Brushing back the flood of barely waving, silky amber hair that was her trademark, she pulled a face at her reflection. Obscurity couldn’t come soon enough.
Outside, the New York traffic thundered past in a hail of tooting, jostling, urgent taxi cabs. And the telephone rang.
‘Damn,’ she muttered in a voice that still held faint traces of a New Zealand accent. It had to be someone she trusted; her number was unlisted. And that meant it was reasonably important. Picking up the receiver, she said crisply, ‘Hello?’
‘Perdita Gladstone?’ There was more than a trace of New Zealand in this masculine voice. It was pure NewZild, broad and unashamed.
The breath died in Perdita’s throat. Staring blindly out over Fifth Avenue to the green, interloper’s glory of Central Park, she swallowed as one hand curved protectively around the antique “Victorian locket—another trademark—which she wore on a thin gold chain around her neck.
‘Yes, it is I,’ she said hoarsely, giving the simple code she had worked out with him.
For ten years she had been waiting for this, for half that time searching actively. The last occasion Frank had rung he’d said the name she wanted was very close.
‘I’ve got them.’ He always tried to sound deadpan as a good private detective should, but there was no hiding the jubilant note in his voice. ‘Natalie and Luke Dennison. They live at a little place called Manley up in Northland.’

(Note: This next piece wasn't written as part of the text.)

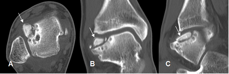 A: TAC axial, B: TAC reconstrucción coronal y C: TAC reconstrucción sagital. Lesión osteocondral en la parte superoexterna del talo, con gran fragmento óseo desprendido.

Shock dimmed the green trees in the park, banished the ever-present throb and hum of the city to a faint, gasping echo. Perdita looked back, down ten years to a place so far removed from this that they might well be on different planets.
She’d known there was an element of risk in what she was doing; she’d had no idea that it would jeopardise everything she had made of her life.

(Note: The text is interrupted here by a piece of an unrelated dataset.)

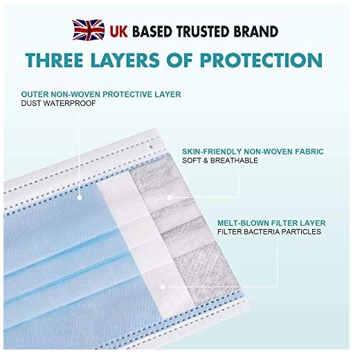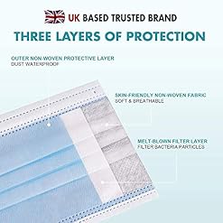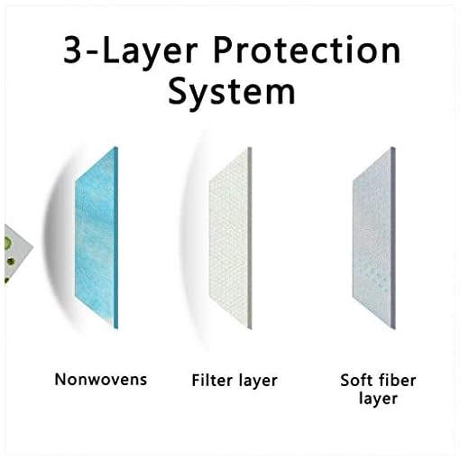 3 Layers material: Non-woven fabric, high-density filter layer and skin-friendly composite fiber- Fluid resistant while maintaining excellent breathability and particulate filtration.

‘Are you there? Miss Gladstone? Perdita?’ Frank’s voice registered a sudden alarm.
‘Dennison?’ The voice wasn’t hers. It croaked rather than breathed, and the cool control was lost to a shaky tremor. ‘I’m all right. Dennison,’ she repeated on a long, ragged sigh. ‘Luke Dennison.’
‘Yup. He’s a big man in the north—owns a huge cattle and sheep station called Pigeon Hill. He’s fairly well known—old money, family came over on the first ships, mixes with the elite, that sort of thing. Prime ministers consult him, and he belongs to a lot of very powerful organisations.’
‘I know,’ she said, outrage beginning to surface through the numbness.
‘You know him?’ Frank was curious but she couldn’t have answered him then, not if her sanity had depended on it. ‘He married Natalie Bennet—another family with old money. She died about eighteen months ago. Cancer.’
Perdita groped desperately for a chair. Shivering, she collapsed into it, clutching the receiver with white-knuckled fingers.
‘Died?’ she managed to repeat.
‘Yup, tough, poor woman. She was only thirty-seven. Luke Dennison was a couple of years younger. They were married when he was twenty-one. His parents were both dead and I suppose he needed a wife.’
‘Probably,’ Perdita agreed tonelessly. ‘I have to go, Frank. Can you send me the details?’
‘Yeah. It’ll be a big bill, I hope you realise. Usually I don’t have much difficulty with these cases even when there’s a veto, but this was a humdinger. I had a hell of a time tracking down the information. Files were missing or lost, people didn’t know or wouldn’t talk, and it turned out to be a real challenge. I’d say that someone did their best to make sure no one was able to trace anything. Still, we got there.’ He sounded professionally pleased with himself. ‘OK, I’ll courier everything off straight away, if you’re still sure you trust couriers.’